Pozdroofka i życze powodzenia
-
mam jeszcze jedno pytanko jak założyć Suwaczek??Wiem wszystko oprócz tego o co chodzi z tym kodem?
-
Lenka!!!
Muszę Cię przywołać do porządku, bo to, co jesz, nie jest dietetyczne!!!

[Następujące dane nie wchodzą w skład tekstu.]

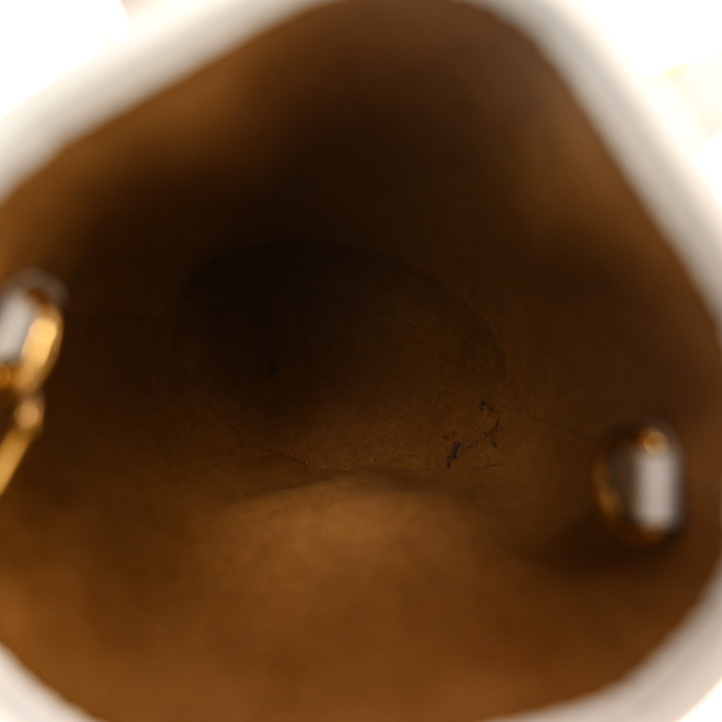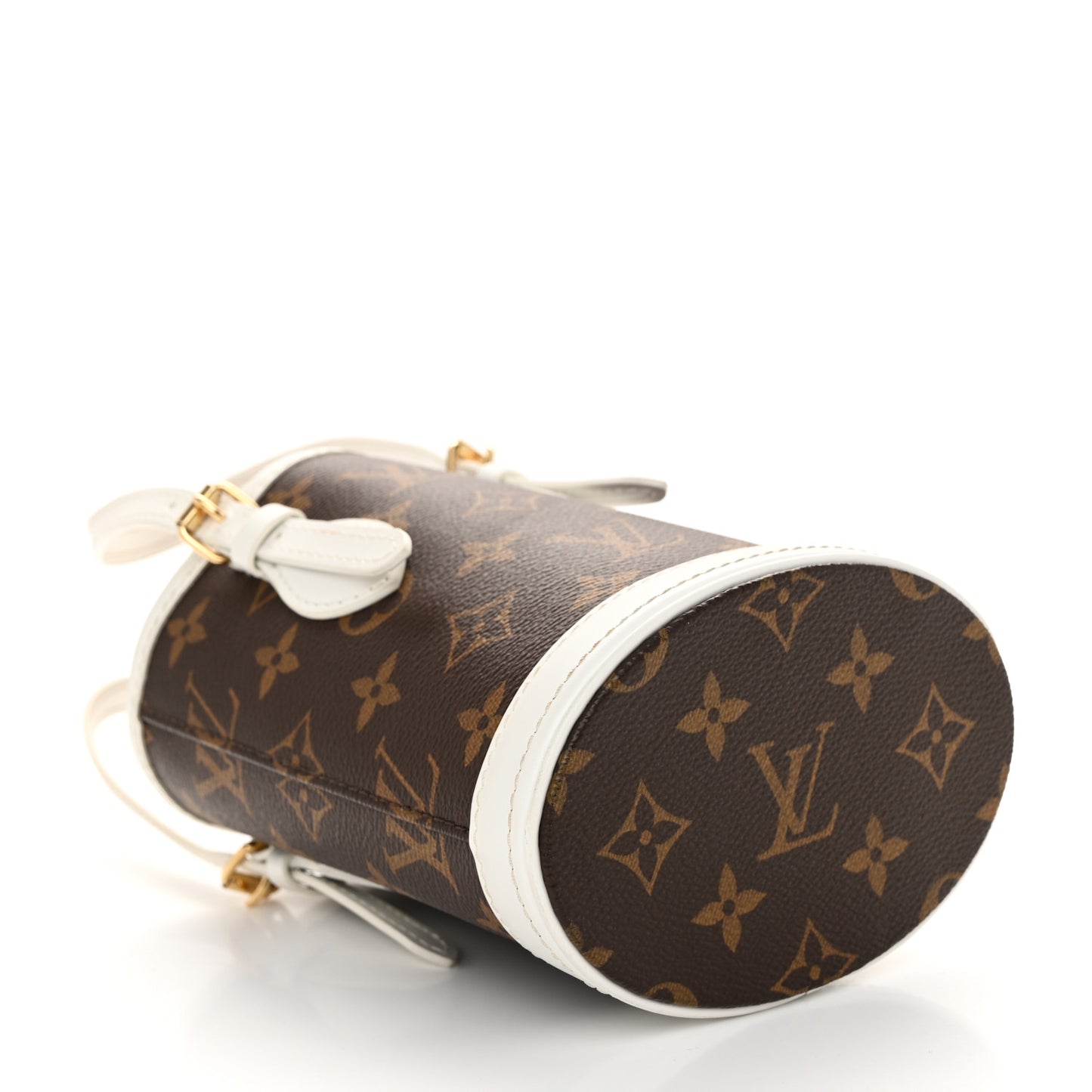 This is an authentic LOUIS VUITTON Monogram LV Match Nano Bucket Bag in White. This stylish bag is crafted of Louis Vuitton signature monogram coated canvas in brown. This bag features white leather trim, matching top handles, adjustable shoulder strap with gold hardware. The open top leads to a brown suede leather interior with a matching pochette.Follow this item for alerts. Louis Vuitton is a registered trademark of Louis Vuitton. FASHIONPHILE is not affiliated with Louis Vuitton.

Gdzie warzywa, owoce? Jest lato, dookoła tyle warzywek, owoców=witaminy i mikroelementy potrzebne organizmowi, a ty "wpieprzasz" makaron, bułkę, salami i chleb z masłem? Nawet jeśli jesz tego niewiele, to czy zamiast na przykład 1 plasterka salami nie lepiej zjeść 100g truskawek i dwie morele? Jedząc tyle węglowodanów, tj chleba, makaronów i to w połączeniu z białkiem i tłuszczem nie schudniesz tak, jakbyś chciała!

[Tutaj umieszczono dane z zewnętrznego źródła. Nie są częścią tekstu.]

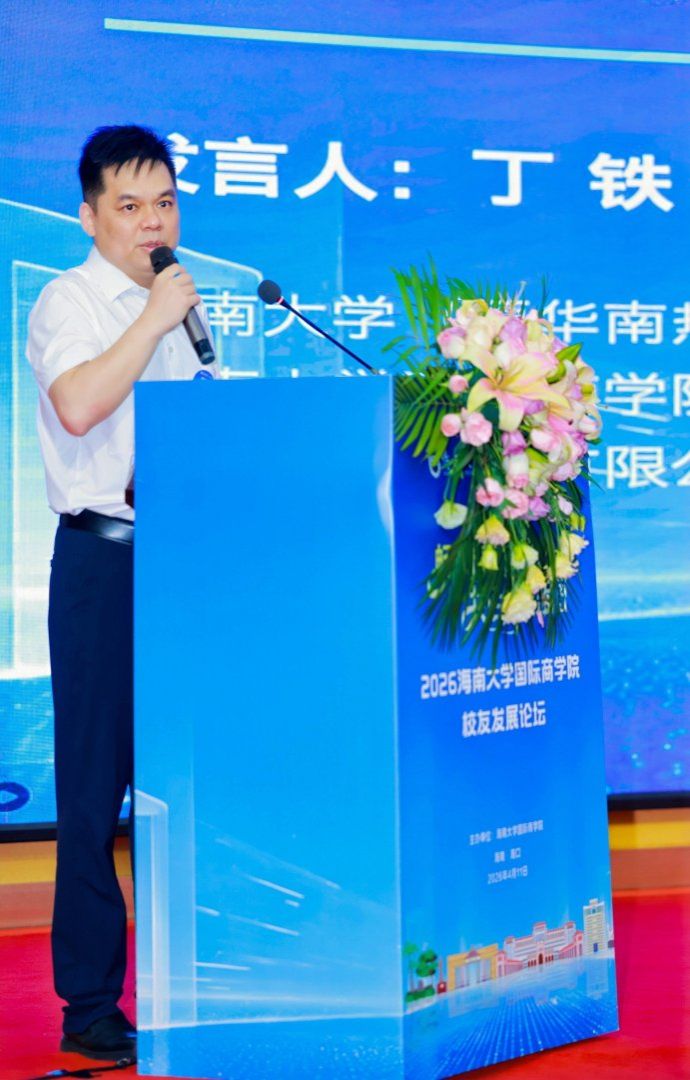 丁铁作为校友代表在发言中深情回顾了自己初入海南大学的求学岁月,感恩母校培养。他介绍,国际商学院校友会成立后,已积极走访广州、深圳、上海、厦门等多地校友会,已建立12个“校友之家”,为广大校友搭建情感联络与互助平台。他动情呼吁广大校友支持校友工作,紧抓海南自贸港机遇,多与学校互动,积极奉献想法与资源。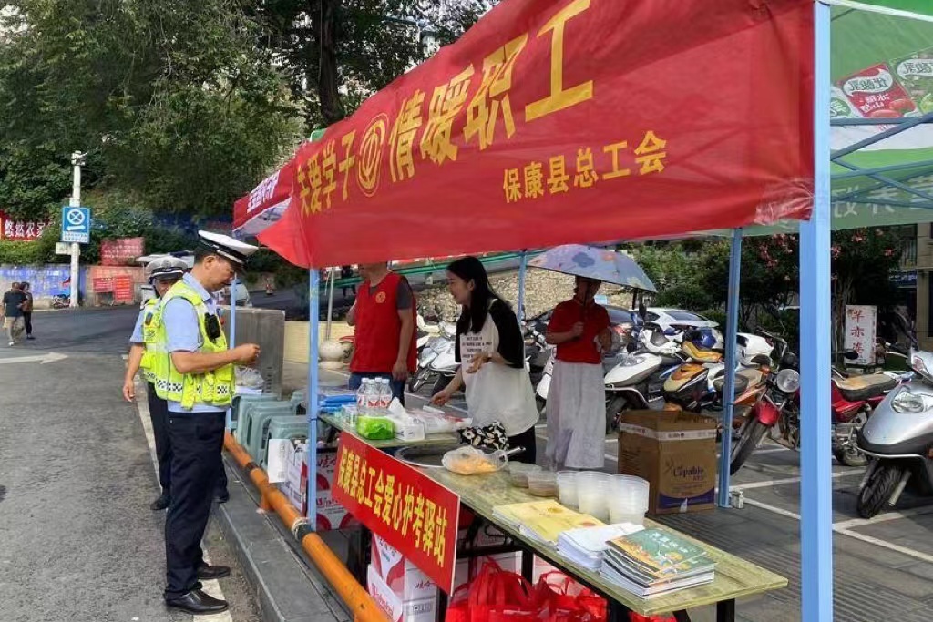 “来,喝碗绿豆汤,娃子考试一路亮绿灯!”在襄阳保康县,工会驿站将服务窗口延伸到考点前,设立爱心助考站台,为考生家长以及服务中考的公安民警、老师精心准备“清凉包”,提供矿泉水、雨衣、藿香正气口服液、清凉油、绿豆汤等防雨降暑物资,温馨祝福与贴心关怀让他们在炎炎夏日中感受到清凉。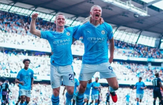 مان سيتي ضد إبسويتش تاون جاءت الأهداف عن طريق كل من إيرلينج هالاند هاتريك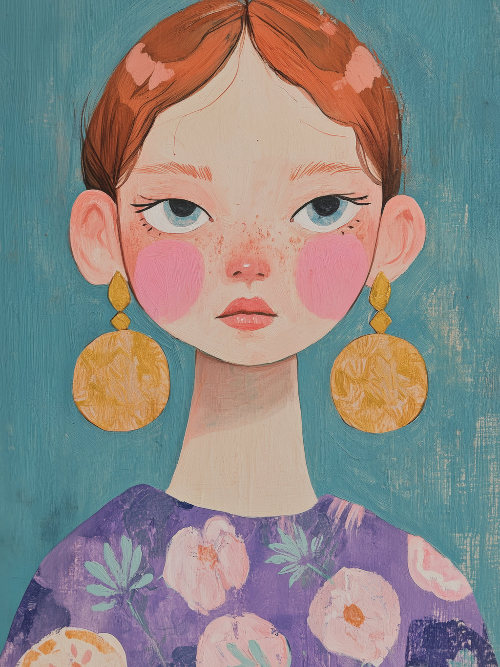Figura feminina de olhar sereno, adornada por brincos dourados, veste-se de flores lilases. Uma cena que mistura inocência e intensidade.

jak założyć tickerek - instrukcje znajdziesz klikając tutaj.
Pozdrówka!!!
-
Ammy Lee też mi strasznie głupio ale nie mam w domu ŻADNYCH owoców.
a najwiekszy problem z moim jedzeniem jest taki że ja jem nie dla jedzenia czy dlatego że jestem głodna ale dla smaku.Wiec kiedy sięgam po cos do jedzenia to tylko dlatego że brakuje mi smaku I co ja moge z tym zrobić??Bo już sama nie mam pojęcia.Do wieczora zjem tylko jogurt i na tym koniec.a jutro jade do koni wiec na wybrzydzanie nie bedzie czasu tam do jedzenia mam tylko marchewke i jabłka.Tylko kurcze jak sie powstrzymać od tych bułek i szynek??
Help Me
-
hmm... tez kiedyś myślałam, że niemożliwe dla mnie będzie odzwyczajenie się od tego wszystkiego... Ale da się, zapewniam Cię. Najlepiej nie stopniowo, ale w 1 dzień! Po prostu: mówisz sobie: od dziś NIE JEM białego pieczywa, bułek, ciastek; zamiast tego - chlebek ciemny, czy ewentualnie pieczywo chrupkie. A owocki i warzywka - nie są drogie, zapełnij nimi lodówkę!!! i znajdź wśród nich swoje ulubione :P
Ech, nie mam dziś sił więcej pisać :P
A jeśli chodzi o ludzi odwiedzających Ciebie, Twój wątek, to bardzo prosto sprawić, by było ich więcej - odwiedzaj też innych, oni przyjdą do Ciebie!!!
-
AmmyLee musze ci powiedziec że byłam na działce i tam znalazłam duuuużo fajnych rzeczy Min.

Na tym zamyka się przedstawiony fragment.